Activity:
The task calls for an exact copy of the records, without any images.

Supplied records:

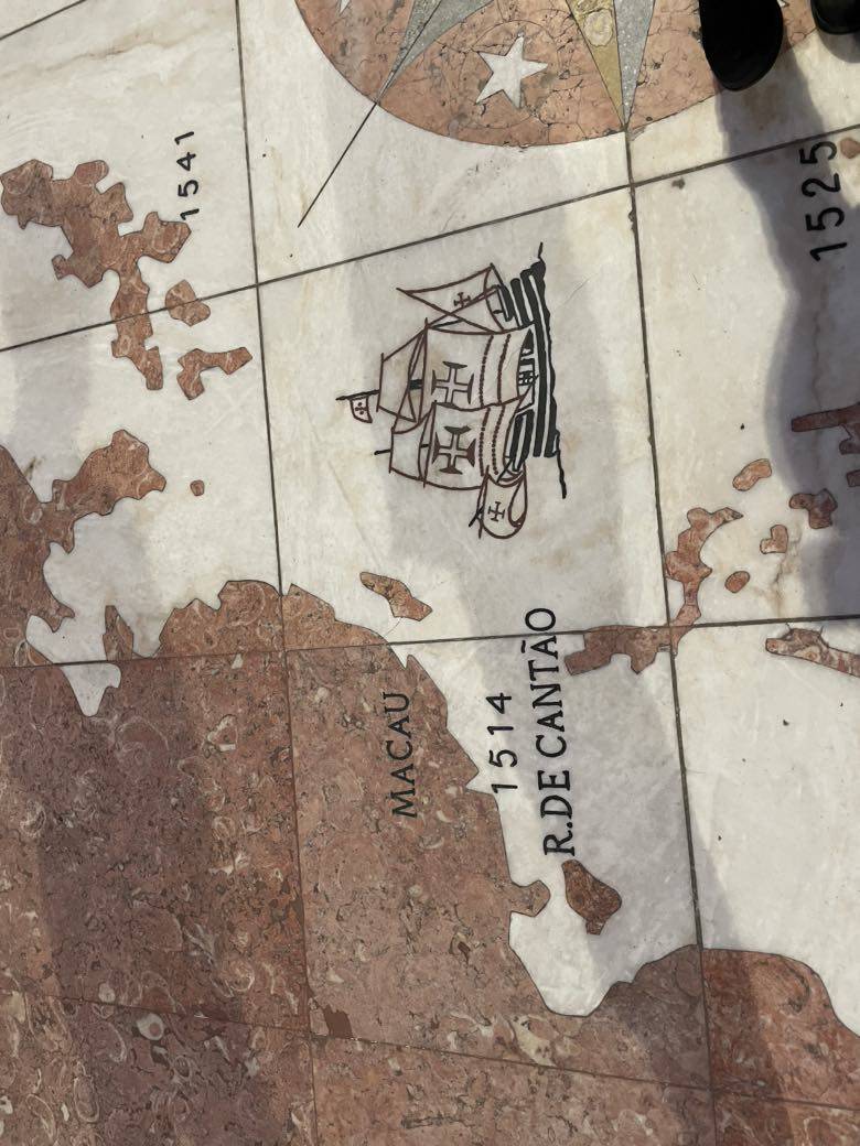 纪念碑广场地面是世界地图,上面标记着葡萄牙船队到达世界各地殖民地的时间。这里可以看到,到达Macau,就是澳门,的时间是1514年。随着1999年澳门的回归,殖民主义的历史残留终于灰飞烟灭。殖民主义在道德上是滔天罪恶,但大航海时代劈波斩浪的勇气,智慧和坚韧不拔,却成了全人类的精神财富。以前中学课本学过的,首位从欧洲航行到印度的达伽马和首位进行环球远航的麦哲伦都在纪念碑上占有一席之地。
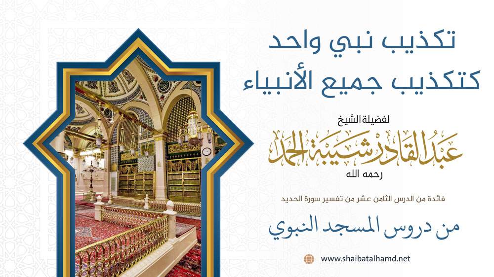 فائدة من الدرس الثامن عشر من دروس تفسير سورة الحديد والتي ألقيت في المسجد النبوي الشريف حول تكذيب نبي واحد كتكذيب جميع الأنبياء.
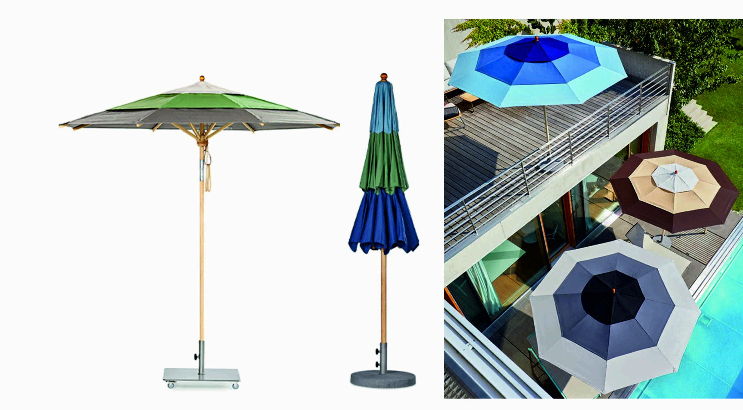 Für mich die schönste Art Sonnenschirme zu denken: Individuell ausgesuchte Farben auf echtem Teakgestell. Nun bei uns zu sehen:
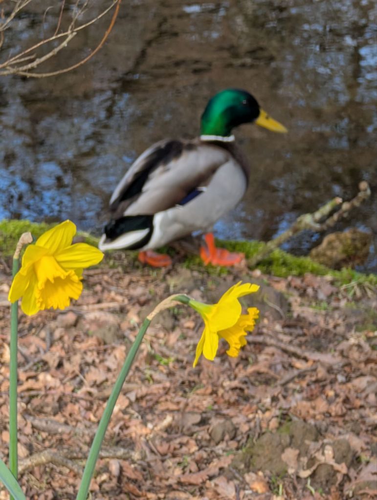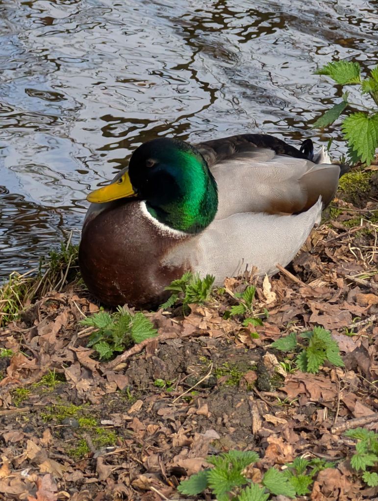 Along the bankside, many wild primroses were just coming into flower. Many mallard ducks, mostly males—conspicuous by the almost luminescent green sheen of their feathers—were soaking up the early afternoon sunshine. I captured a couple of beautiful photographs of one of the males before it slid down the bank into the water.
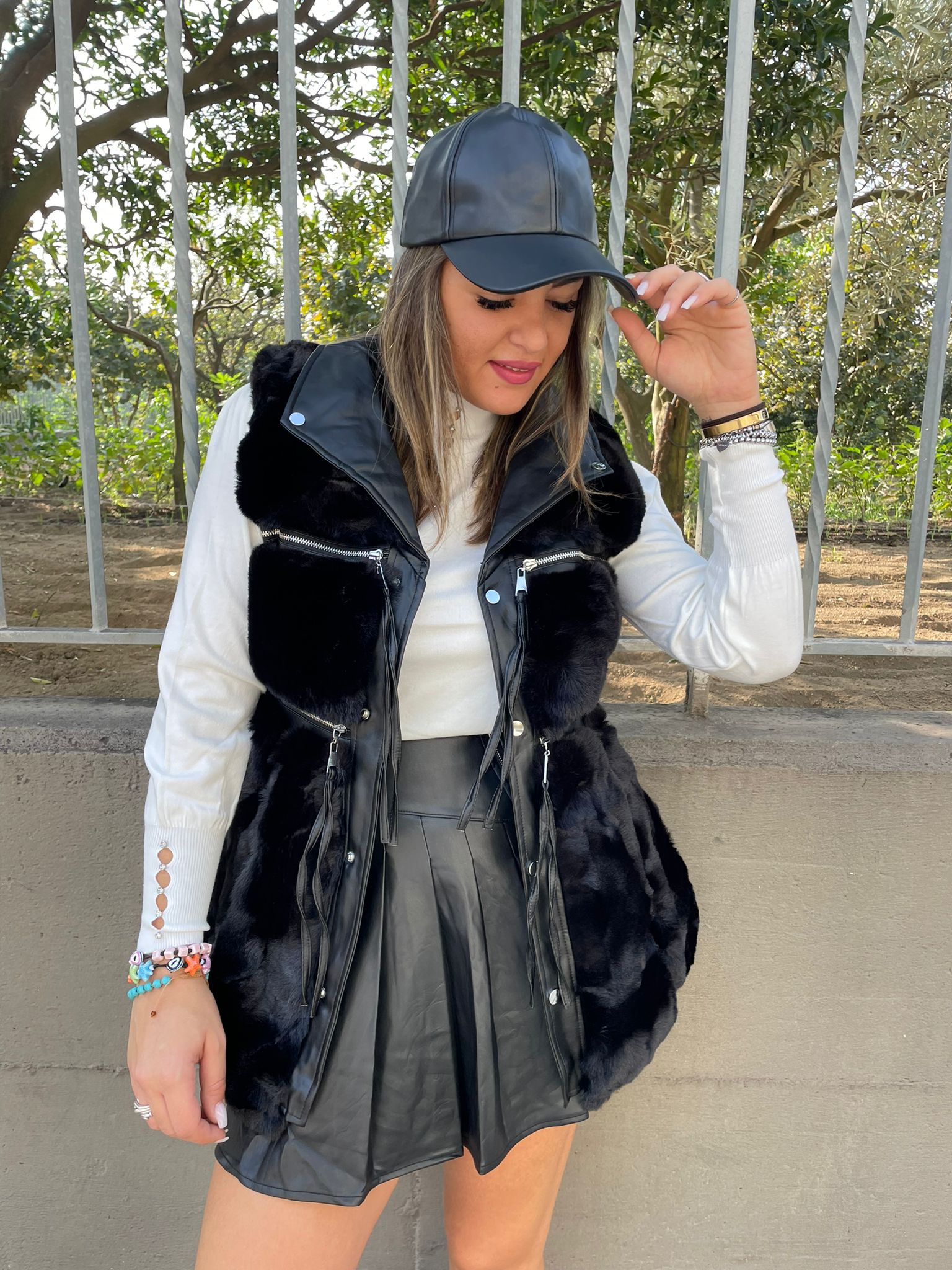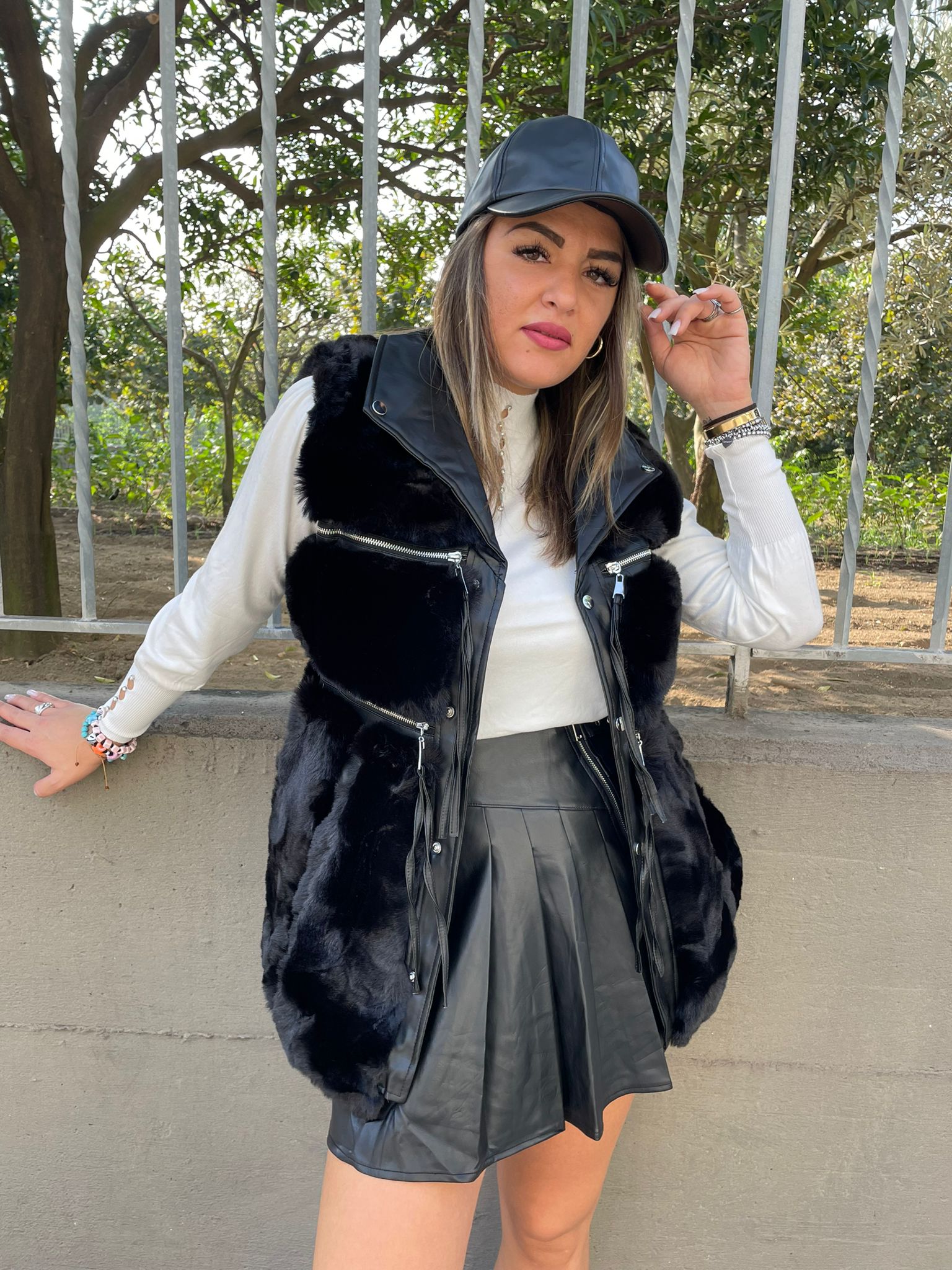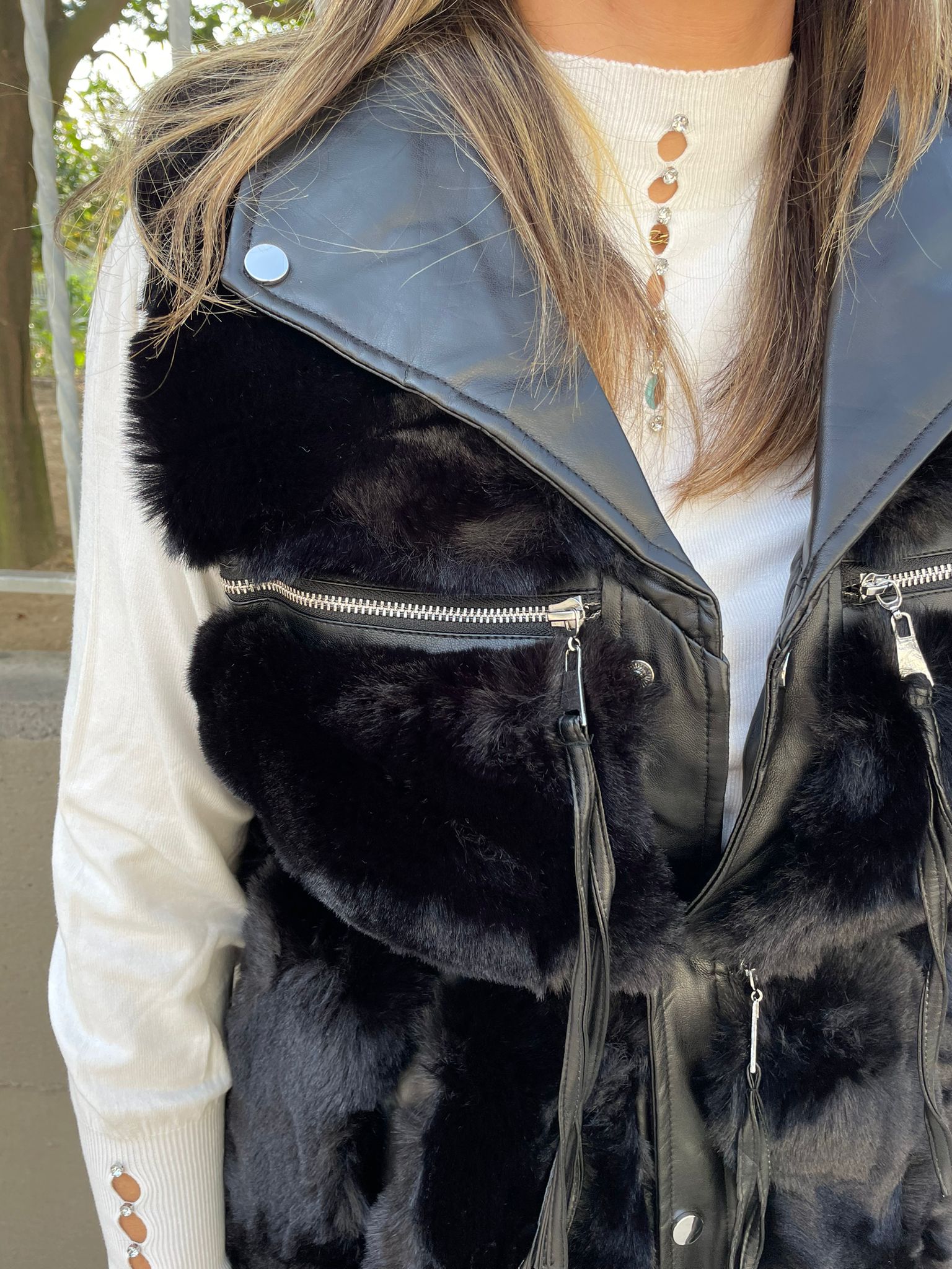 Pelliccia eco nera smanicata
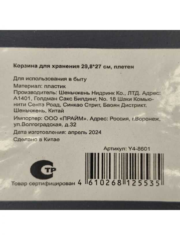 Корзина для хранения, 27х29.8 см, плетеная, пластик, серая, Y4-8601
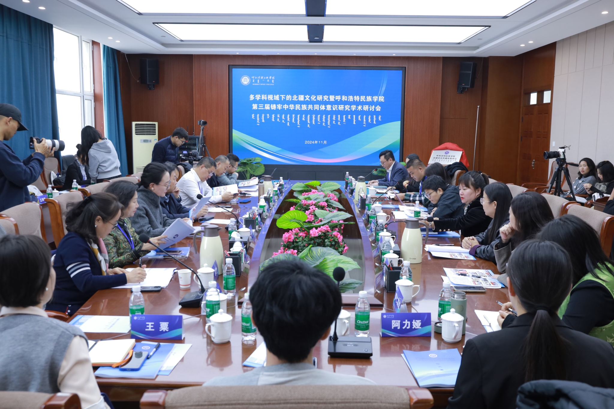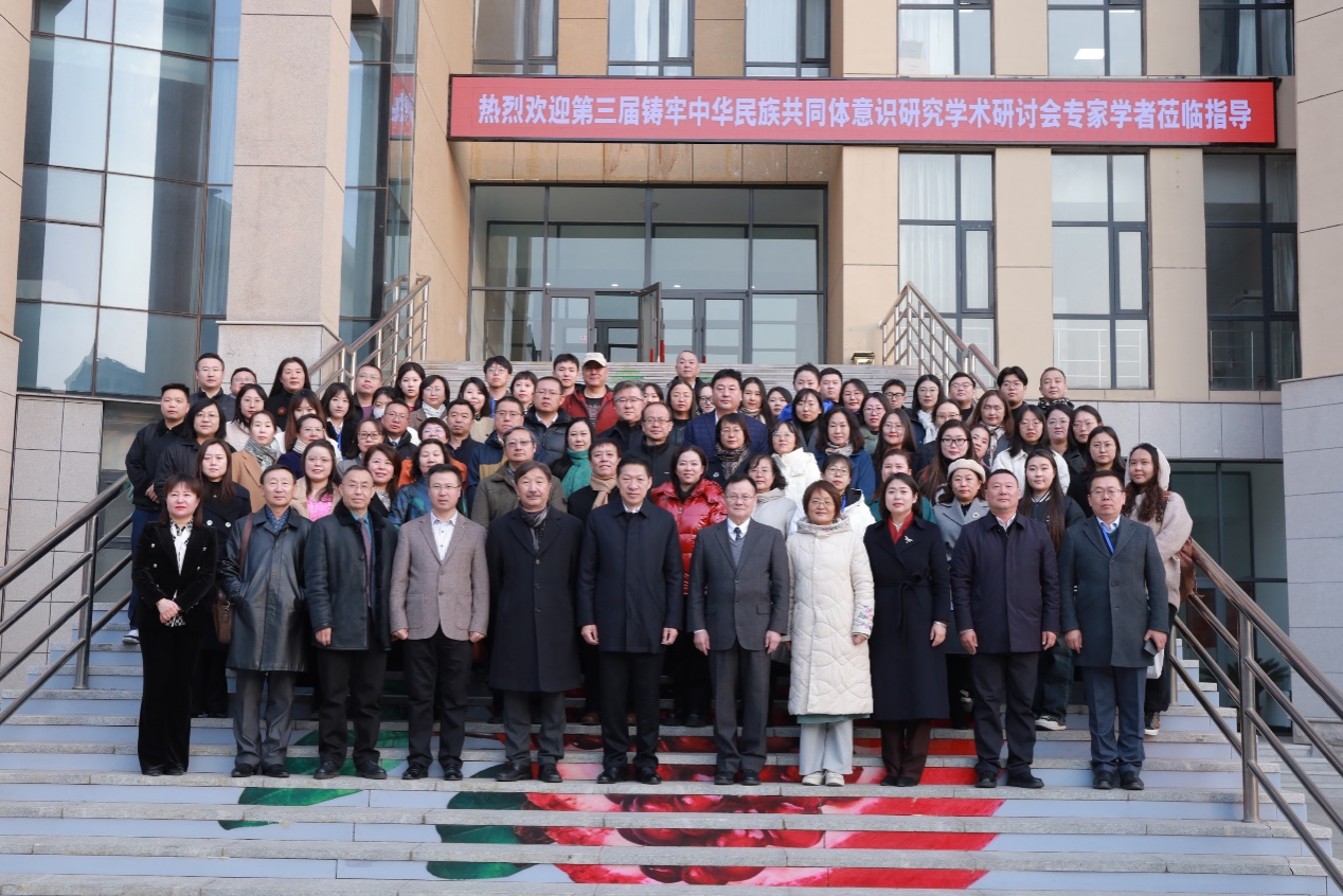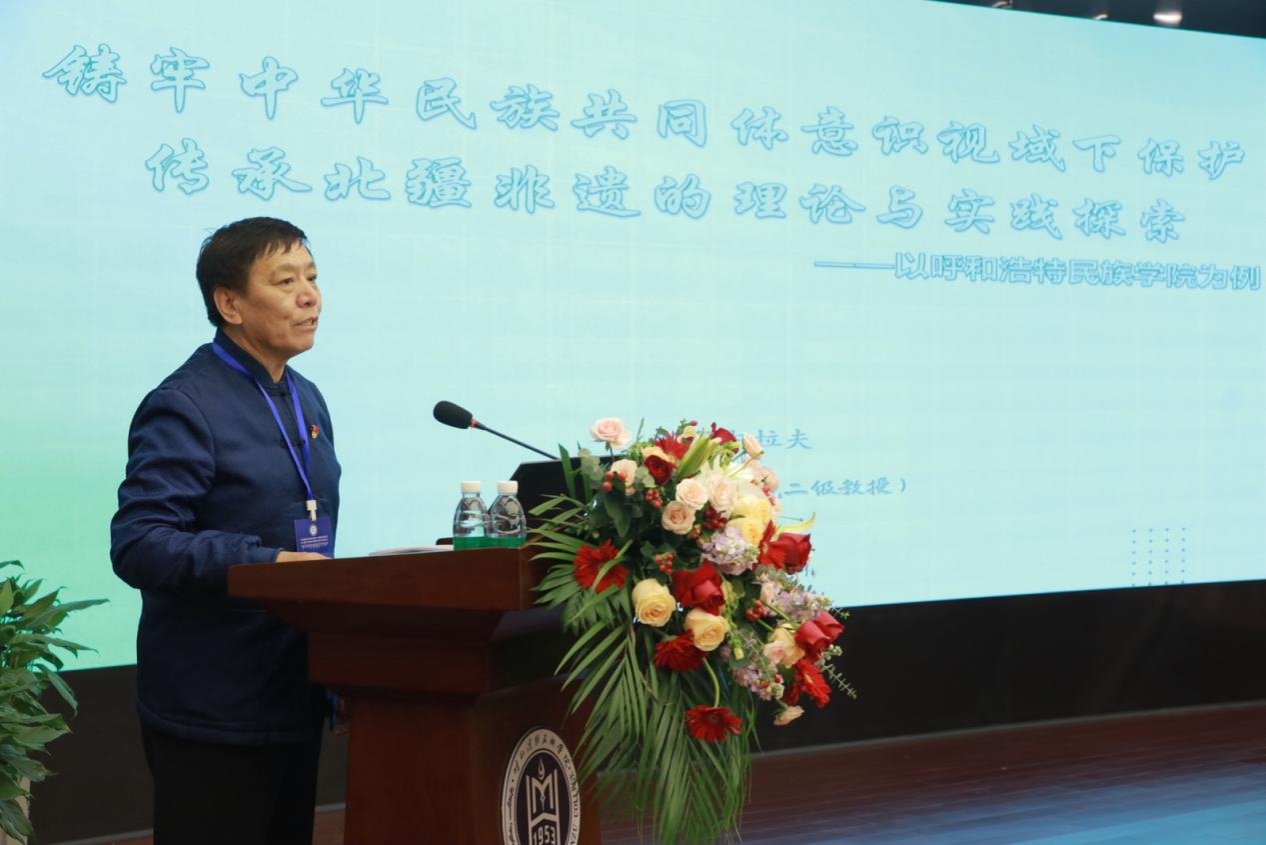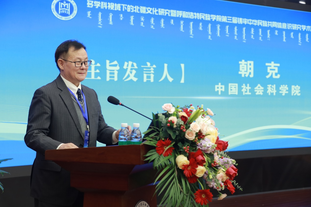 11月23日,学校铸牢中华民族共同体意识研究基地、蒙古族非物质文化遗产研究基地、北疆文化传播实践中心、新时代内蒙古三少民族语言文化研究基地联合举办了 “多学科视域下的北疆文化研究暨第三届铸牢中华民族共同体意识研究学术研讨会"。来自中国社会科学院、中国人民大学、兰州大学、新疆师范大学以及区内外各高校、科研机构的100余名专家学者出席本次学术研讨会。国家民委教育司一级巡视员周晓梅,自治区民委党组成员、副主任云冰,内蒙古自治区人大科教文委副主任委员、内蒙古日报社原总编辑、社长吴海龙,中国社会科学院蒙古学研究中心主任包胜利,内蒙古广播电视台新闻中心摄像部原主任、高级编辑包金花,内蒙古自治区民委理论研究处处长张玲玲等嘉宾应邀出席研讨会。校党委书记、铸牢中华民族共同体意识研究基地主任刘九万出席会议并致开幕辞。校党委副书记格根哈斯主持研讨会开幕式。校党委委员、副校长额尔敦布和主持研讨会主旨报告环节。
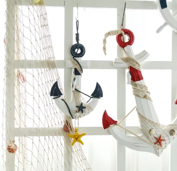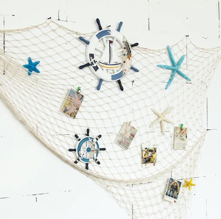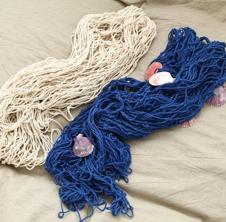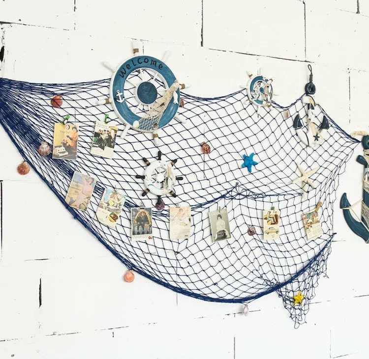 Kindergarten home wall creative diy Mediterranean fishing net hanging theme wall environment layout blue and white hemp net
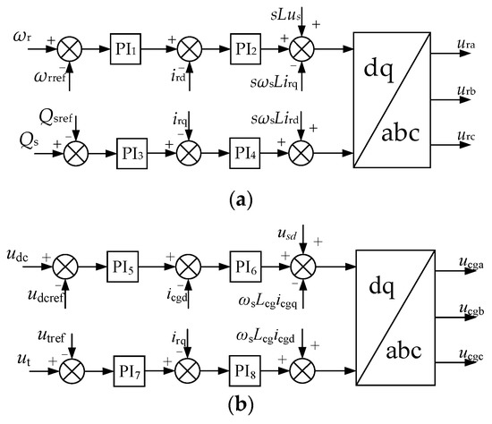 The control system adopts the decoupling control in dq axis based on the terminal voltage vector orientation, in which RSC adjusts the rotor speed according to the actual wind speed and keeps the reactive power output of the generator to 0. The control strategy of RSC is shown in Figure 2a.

Response to the task:
 纪念碑广场地面是世界地图,上面标记着葡萄牙船队到达世界各地殖民地的时间。这里可以看到,到达Macau,就是澳门,的时间是1514年。随着1999年澳门的回归,殖民主义的历史残留终于灰飞烟灭。殖民主义在道德上是滔天罪恶,但大航海时代劈波斩浪的勇气,智慧和坚韧不拔,却成了全人类的精神财富。以前中学课本学过的,首位从欧洲航行到印度的达伽马和首位进行环球远航的麦哲伦都在纪念碑上占有一席之地。
 فائدة من الدرس الثامن عشر من دروس تفسير سورة الحديد والتي ألقيت في المسجد النبوي الشريف حول تكذيب نبي واحد كتكذيب جميع الأنبياء.
 Für mich die schönste Art Sonnenschirme zu denken: Individuell ausgesuchte Farben auf echtem Teakgestell. Nun bei uns zu sehen:
 Along the bankside, many wild primroses were just coming into flower. Many mallard ducks, mostly males—conspicuous by the almost luminescent green sheen of their feathers—were soaking up the early afternoon sunshine. I captured a couple of beautiful photographs of one of the males before it slid down the bank into the water.
 Pelliccia eco nera smanicata
 Корзина для хранения, 27х29.8 см, плетеная, пластик, серая, Y4-8601
 11月23日,学校铸牢中华民族共同体意识研究基地、蒙古族非物质文化遗产研究基地、北疆文化传播实践中心、新时代内蒙古三少民族语言文化研究基地联合举办了 “多学科视域下的北疆文化研究暨第三届铸牢中华民族共同体意识研究学术研讨会"。来自中国社会科学院、中国人民大学、兰州大学、新疆师范大学以及区内外各高校、科研机构的100余名专家学者出席本次学术研讨会。国家民委教育司一级巡视员周晓梅,自治区民委党组成员、副主任云冰,内蒙古自治区人大科教文委副主任委员、内蒙古日报社原总编辑、社长吴海龙,中国社会科学院蒙古学研究中心主任包胜利,内蒙古广播电视台新闻中心摄像部原主任、高级编辑包金花,内蒙古自治区民委理论研究处处长张玲玲等嘉宾应邀出席研讨会。校党委书记、铸牢中华民族共同体意识研究基地主任刘九万出席会议并致开幕辞。校党委副书记格根哈斯主持研讨会开幕式。校党委委员、副校长额尔敦布和主持研讨会主旨报告环节。
 Kindergarten home wall creative diy Mediterranean fishing net hanging theme wall environment layout blue and white hemp net
 The control system adopts the decoupling control in dq axis based on the terminal voltage vector orientation, in which RSC adjusts the rotor speed according to the actual wind speed and keeps the reactive power output of the generator to 0. The control strategy of RSC is shown in Figure 2a.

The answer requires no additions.